José Molto admits his frustration, but talks about HIV with some optimism. Just a week ago, Jansen announced that he was canceling Mosaic, the most advanced study of a human immunodeficiency virus vaccine in which there were high hopes for a cure that scientists have sought for four decades. “These are not the results we expected, but they allow us to move forward,” explains the attending physician and researcher at the Fundació Lluita contra les Infeccions and one of the coordinators of the study.

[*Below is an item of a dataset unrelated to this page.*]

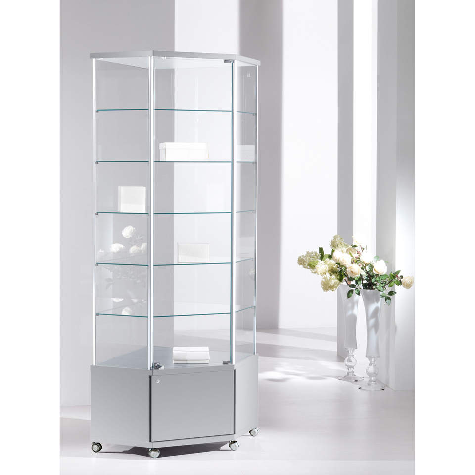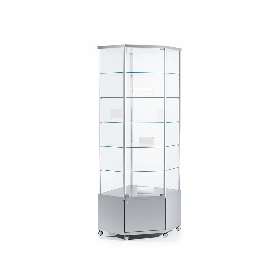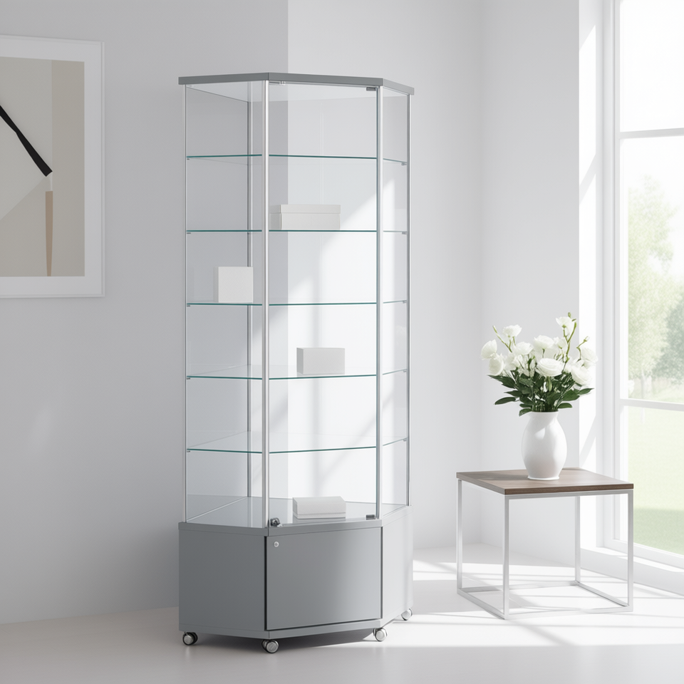 ตู้โชว์มุมโครงอะลูมิเนียม 73x73x220 ซม. สีเทาอ่อน พร้อมกระจกนิรภัยและชั้นวางปรับระดับได้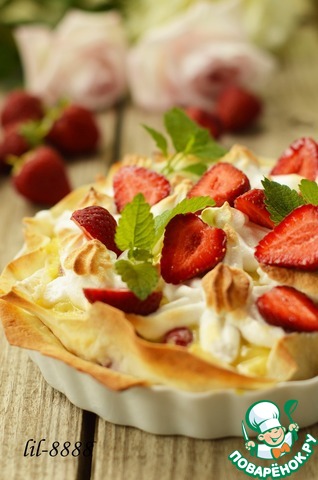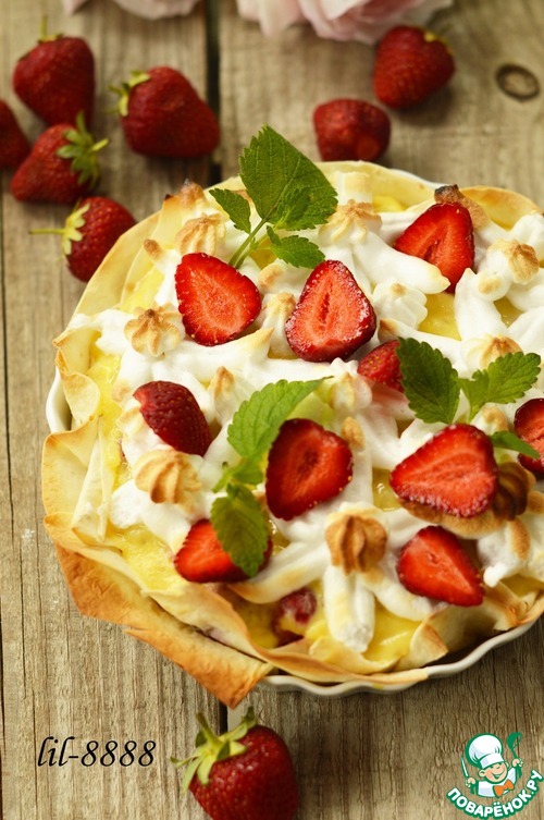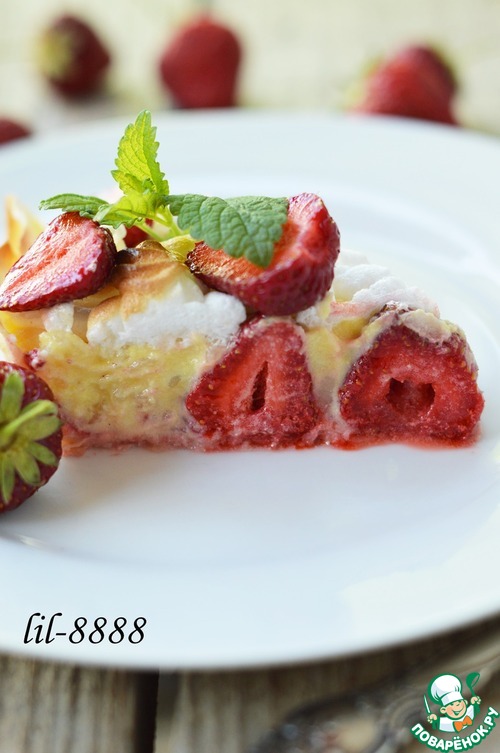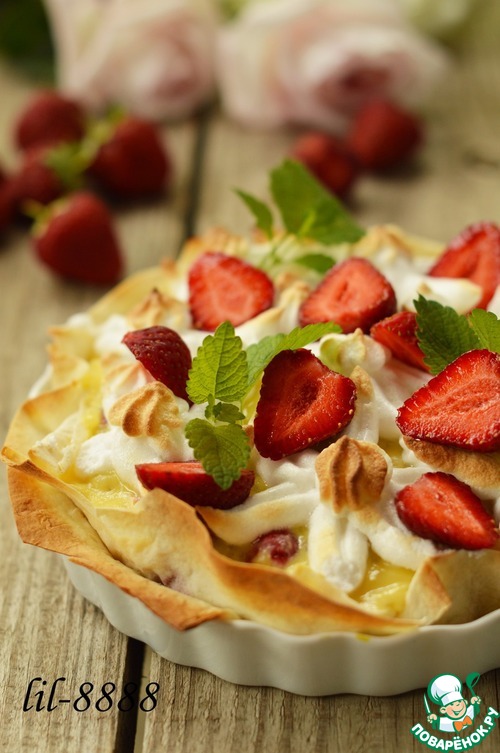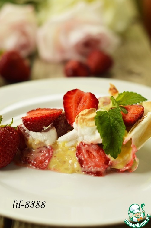 Тарт с рисом, белым шоколадом, клубникой и меренгой

The last phase of Mosaico involved 3,800 volunteers from the United States, Europe and Latin America. In Spain, the Trias Hospital of the Germans and in Catalonia Vall d’Hebrón, Reina Sofía, Jimenez Diaz Foundation and San Carlos Clinic in Madrid and General Universitario de Valencia were involved. “It was not a futile effort. The research will allow us to gain a lot of very valuable information for the future,” Molto asserts throughout this interview. The participants don’t forget either. “You have to thank them for their commitment,” he says.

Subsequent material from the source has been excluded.